An Actually Quite Simple Lasagne

It had been quite a while since I’d last made lasagne. I’m pretty sure that when I did it was Jamie Oliver’s “Simple Baked Lasagne” which is, quite frankly anything but. I seem to recall it took me 4 hours, a million ingredients and a dozen different cooking pans. It was incredibly delicious though so maybe I will blog that some other time. Under a different name though of course: “Jamie’s Far From Simple & Pretty Damn Labour Intensive But Super Delicious Lasagne”. Snappy.

This one though really is quite simple even if it is does use three different types of cheeses and two different types of meat. You only need a lasagne dish, frying pan and bowl. Plus, there is no bechamel to knock up. Yay!

In lieu of a bechamel you make a sort of cheesy sauce mixture which is where the three cheeses come in: Parmesan, ricotta and mozzarella. I was also going to add cream cheese - hence it’s appearance in the photo below - but changed my mind. If you can’t get a decent ricotta though, try cream cheese instead. Next time I’ll add maybe a couple of tablespoons extra cream, or maybe a little whole milk, just to make the cheese mixture easier to work with when layering up the lasagne.

I also used a mix of meats in the sauce: beef and Italian sausage meat but if you’d prefer to keep things more simple, just use all beef or maybe beef & pork mince. And if you actually prefer the slight sloppiness you get from bechamel please feel free to make one.

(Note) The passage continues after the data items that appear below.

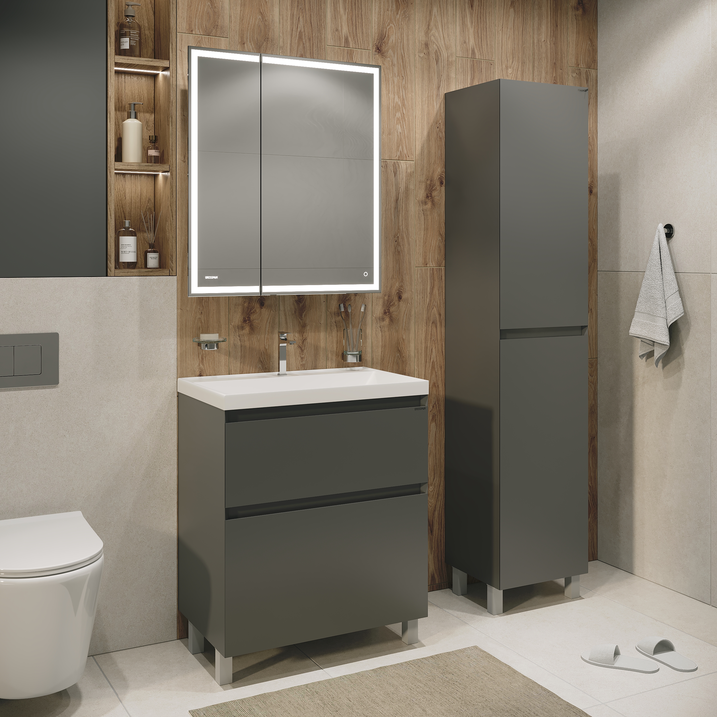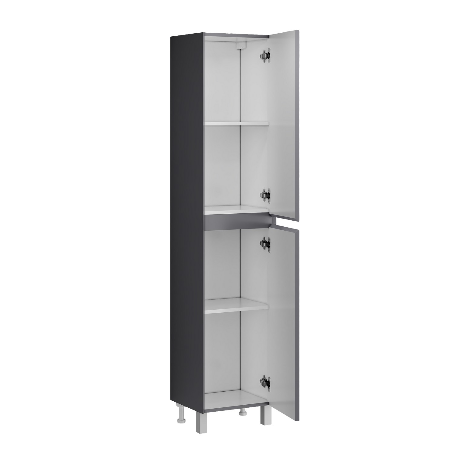 Напольный пенал для ванной «МЕРКАДО-40 см», графит матовый – компактное и функциональное решение для хранения в ванной комнате. Корпус и фасады выполнены из МДФ в матовой краске в цвете графит. Фасады с точным запилом под 45° на торцах, что исключает видимую кромку и позволяет обходиться без ручек, создавая аккуратный и минималистичный дизайн. Пенал оснащён тремя полками для удобного хранения и петлями с доводчиком, обеспечивающими плавное и бесшумное закрывание дверцы. Модель установлена на хромированные ножки высотой 10 см, а для надёжного крепления предусмотрены подвесы в комплекте. Отличное решение для тех, кто ценит современный стиль, практичность и компактность мебели для ванной комнаты.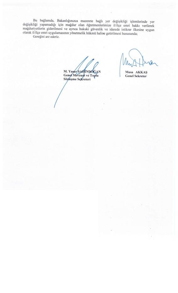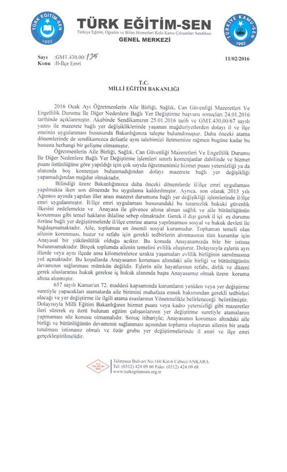 Akabinde Sendikamızın 25.01.2016 tarih ve GMT.430.00/67 sayılı yazısı ile mazerete bağlı yer değişikliklerinde yaşanan mağduriyetlerden dolayı il ve ilçe emrinin uygulanması hususunda Milli Eğitim Bakanlığına talepte bulunulmuştur. Daha önceki atama dönemlerinde de sendikamızca defaatle aynı talebimizi iletmemize rağmen bugüne kadar bu hususta Bakanlık tarafından cevap verilmemiş herhangi bir gelişme olmamıştır. Öğretmenlerin Aile Birliği, Sağlık, Can Güvenliği Mazeretleri Ve Engellilik Durumu İle Diğer Nedenlere Bağlı Yer Değiştirme işlemleri sınırlı kontenjanlar dahilinde ve hizmet puanı üstünlüğüne göre yapıldığı için çok sayıda öğretmenimiz hizmet puanı yetersizliği ya da alanında boş kontenjan bulunmadığından dolayı mazerete bağlı yer değişikliği yapamadığından mağdur olmaktadır.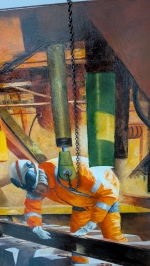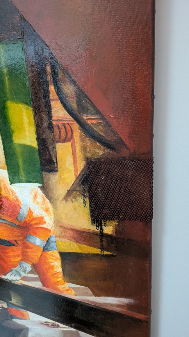Il est entièrement réalisé à l'huile puis verni. J'ai intégré des éléments métalliques découpés, rouillés et vernis, en relief, qui sont fixés sur ma toile afin de renforcer l'aspect industriel. Il y a même une chaine peinte et vernie. Les éléments métalliques sont vernis avec un produit adapté aux métaux pour stoper la rouille.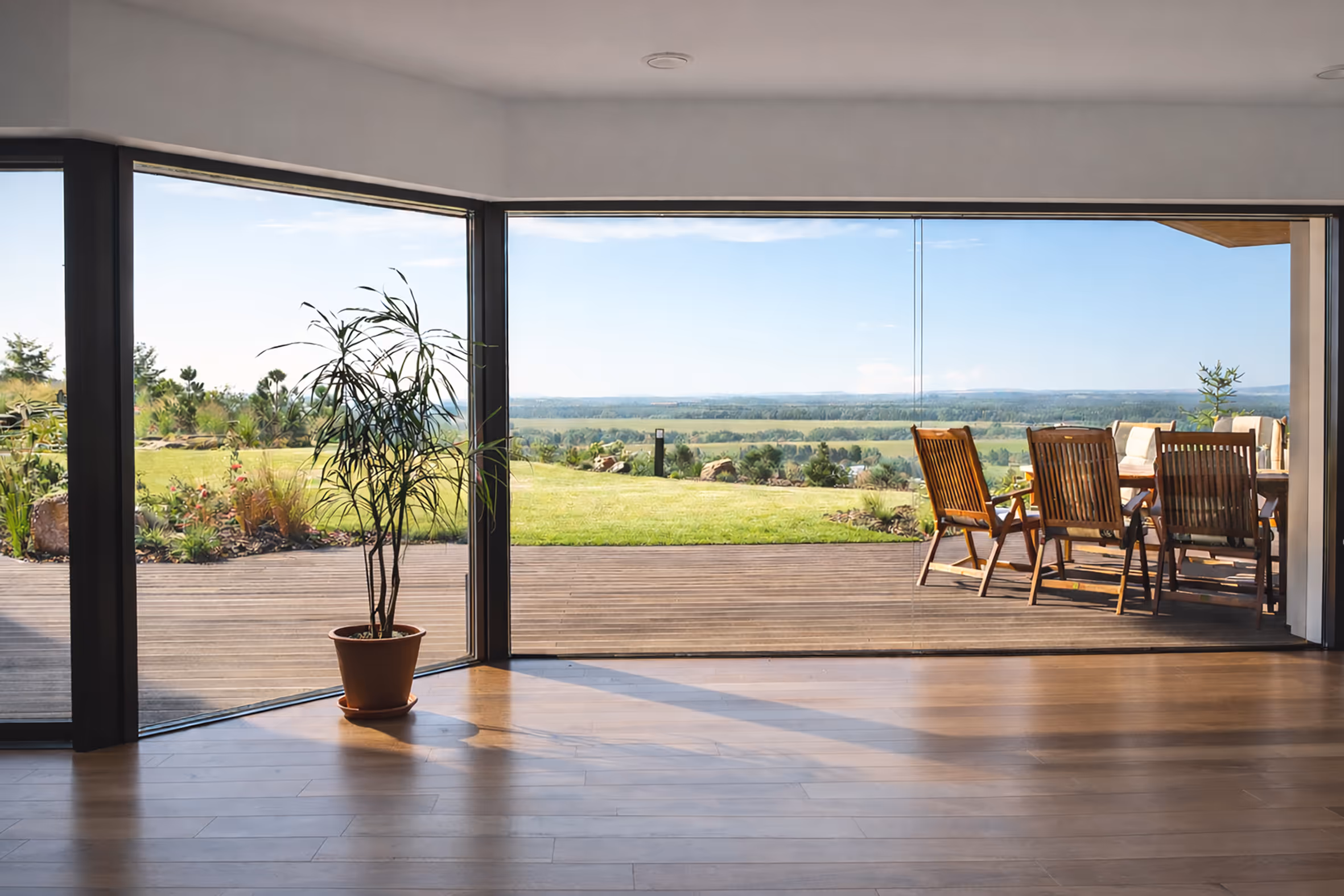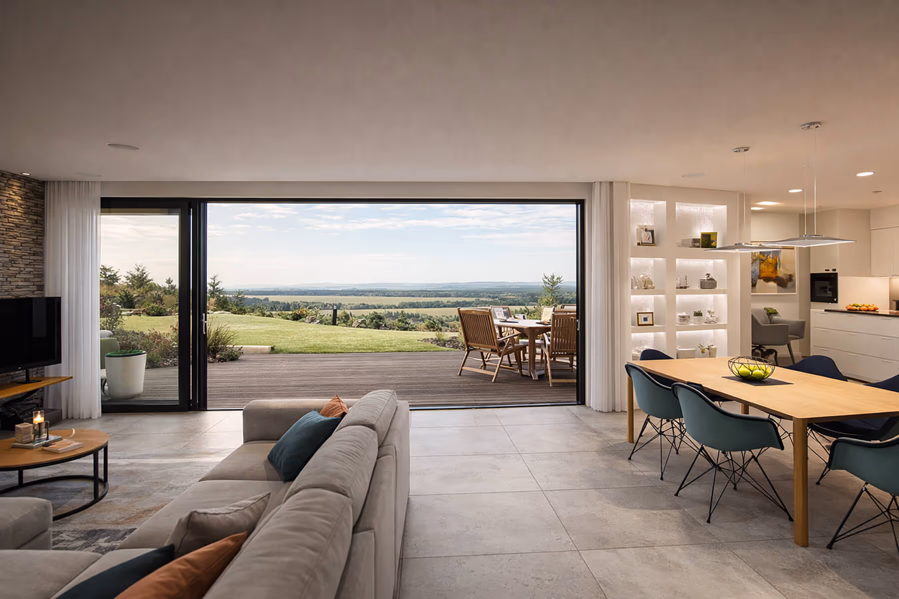 Žádné poschodí, žádné překážky. Z obývacího pokoje vstoupíte rovnou na terasu. Pohyb po domě je bezpečný a pohodlný v každém věku.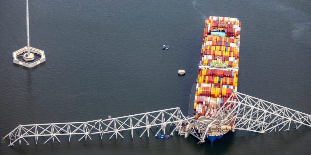 The collision occurred at around 1:28 a.m. on Tuesday, per a livestream of the incident viewed by BI. A video clip posted on X showed the bridge’s structure crumbling after the Dali hit one of its support beams.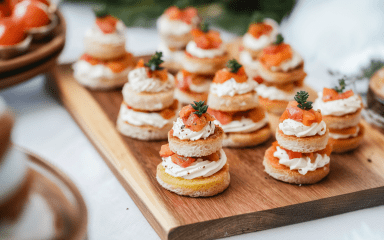 Закуска з карамелізованих яблук — це фаворит серед серед фруктових бутербродів на новорічному столі. Підсмажений на маслі хліб, яблука, які трохи карамелізувалися з медом, і ніжний крем із козячого сиру з чебрецем — наче проста закуска з яблуками, але виглядає дуже святково. Такі канапки зручно подати і до святкового столу, і як апетайзер: готується швидко, а з тарілки зникає ще швидше.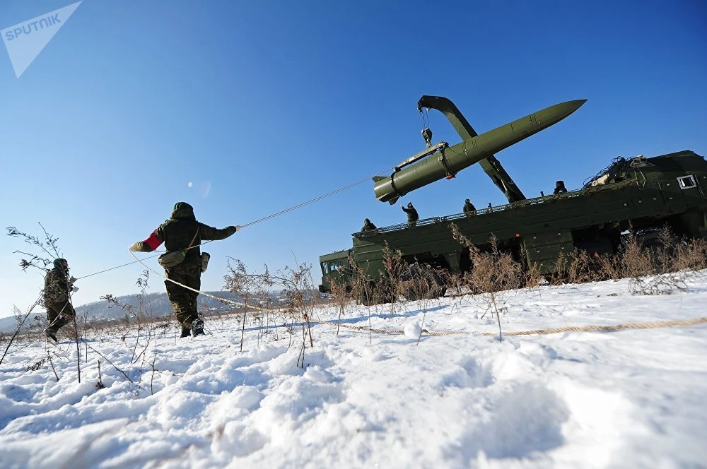Binh sĩ Nga theo dõi một xe vận chuyển đặt tên lửa tầm ngắn Iskander-M vào một bệ phóng trong một cuộc tập trận. Ảnh: SPUTNIK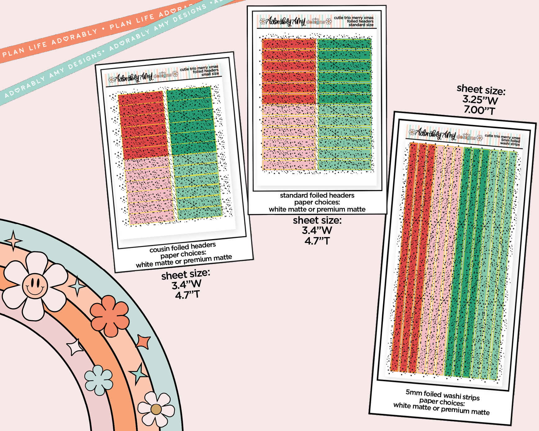 Foiled The Cutie Trio Merry Christmas Headers or Long Strips Planner Stickers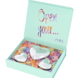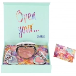 „Sweethearts Pastel Love” kozmetikai szett – az ajándékcsomag 3 fém szívecskét tartalmaz – 1× pirosító, 1× szemhéjpúder és 1× rúzs. Bőrgyógyászatilag tesztelt, megfelel az EU szigorú előírásainak.

An Actually Simple Lasagne
serves 4-6

6 sheets fresh lasagne
For the Meat Sauce
1 tbsp olive oil
1 red onion, finely chopped
2 garlic cloves, crushed
250g beef mince
250g spicy Italian sausage, meat removed from casings
400g tin chopped tomatoes, whizzed up with a stick blender (or use a finely pulped tin of tomatoes)
1 tbsp tomato purée
sea salt & freshly ground black pepper
½ tsp dry oregano
1 ½ tbsp fresh basil, chopped
pinch red pepper flakes
100ml red wine
For the cheese mixture
250g ricotta
1 egg beaten
50g Parmesan, grated
1 ball mozzarella, grated
¼ tsp salt
⅛ tsp freshly ground black pepper
7.5g flat leaf parsley, chopped
50 ml cream
To finish
25g Parmesan, grated

In a large sauté pan, heat the olive oil and cook the onions, sprinkled with a little sea salt, for about five minutes over a medium heat. Add the garlic and cook one more minute.

Add the meats, allow to brown undisturbed for a few minutes and then stir and break up bigger lumps and cook until there is no pinkness. Turn up the heat if necessary to boil off any excess liquid.

Stir in the red wine, crushed tomatoes, tomato paste, about ¼ tsp salt and a good grind of pepper, oregano, basil, and red pepper flakes.

Bring to the boil then reduce to a fierce simmer for 10-15 minutes.

Meanwhile, in a medium bowl, mix the ricotta, most of the mozzarella (keep back a small handful), beaten egg, Parmesan, ½ tsp salt, ¼ teaspoon pepper and the chopped parsley & cream. Mix to combine and set aside.

Preheat oven to 200C.

Grease a lasagne dish with olive oil and while the meat sauce is cooking spoon out a little to just cover the bottom of the dish. On top lay 2 lasagne sheets, overlapping slightly.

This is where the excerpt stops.